# AIM OF THE EXERCISE:
Nothing should appear in the answer except the lines below from the line containing "Le kit Vallejo" through the line containing "HIGH CONTRAST IMAGES", copied exactly, with pictures left out.

# RECORDS TO PROCESS:
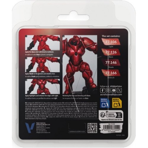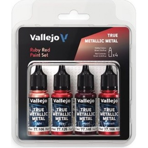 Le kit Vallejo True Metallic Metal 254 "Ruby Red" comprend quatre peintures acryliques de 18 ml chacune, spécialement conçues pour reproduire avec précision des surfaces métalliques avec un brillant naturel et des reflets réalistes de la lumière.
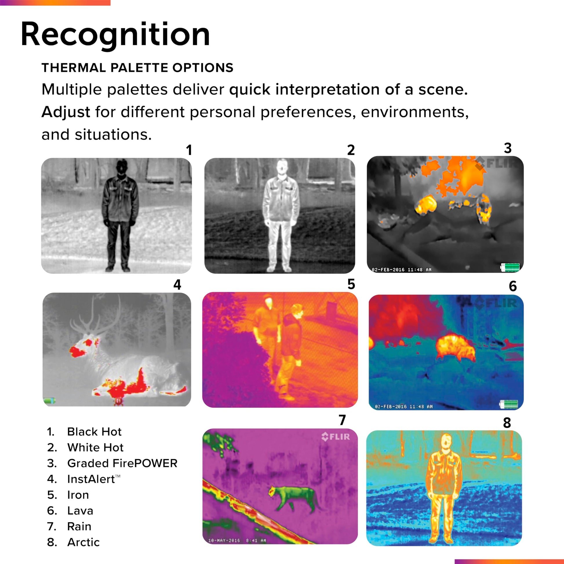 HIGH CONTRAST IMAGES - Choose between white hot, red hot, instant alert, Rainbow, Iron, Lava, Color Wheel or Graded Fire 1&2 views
* * *
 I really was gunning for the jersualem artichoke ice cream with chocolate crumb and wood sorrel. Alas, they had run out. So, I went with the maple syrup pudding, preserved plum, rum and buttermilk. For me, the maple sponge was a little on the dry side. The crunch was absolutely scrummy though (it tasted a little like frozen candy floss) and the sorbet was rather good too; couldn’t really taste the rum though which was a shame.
--
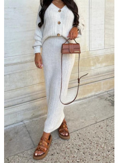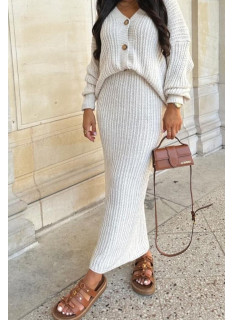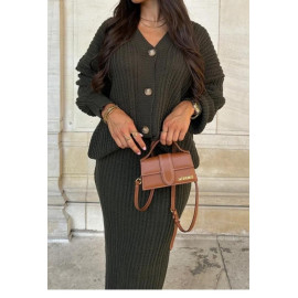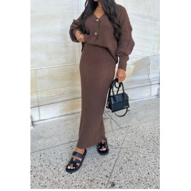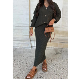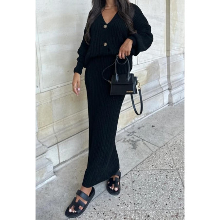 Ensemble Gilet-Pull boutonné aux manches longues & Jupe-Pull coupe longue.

# EXERCISE ANSWER:
 Le kit Vallejo True Metallic Metal 254 "Ruby Red" comprend quatre peintures acryliques de 18 ml chacune, spécialement conçues pour reproduire avec précision des surfaces métalliques avec un brillant naturel et des reflets réalistes de la lumière.
 HIGH CONTRAST IMAGES - Choose between white hot, red hot, instant alert, Rainbow, Iron, Lava, Color Wheel or Graded Fire 1&2 views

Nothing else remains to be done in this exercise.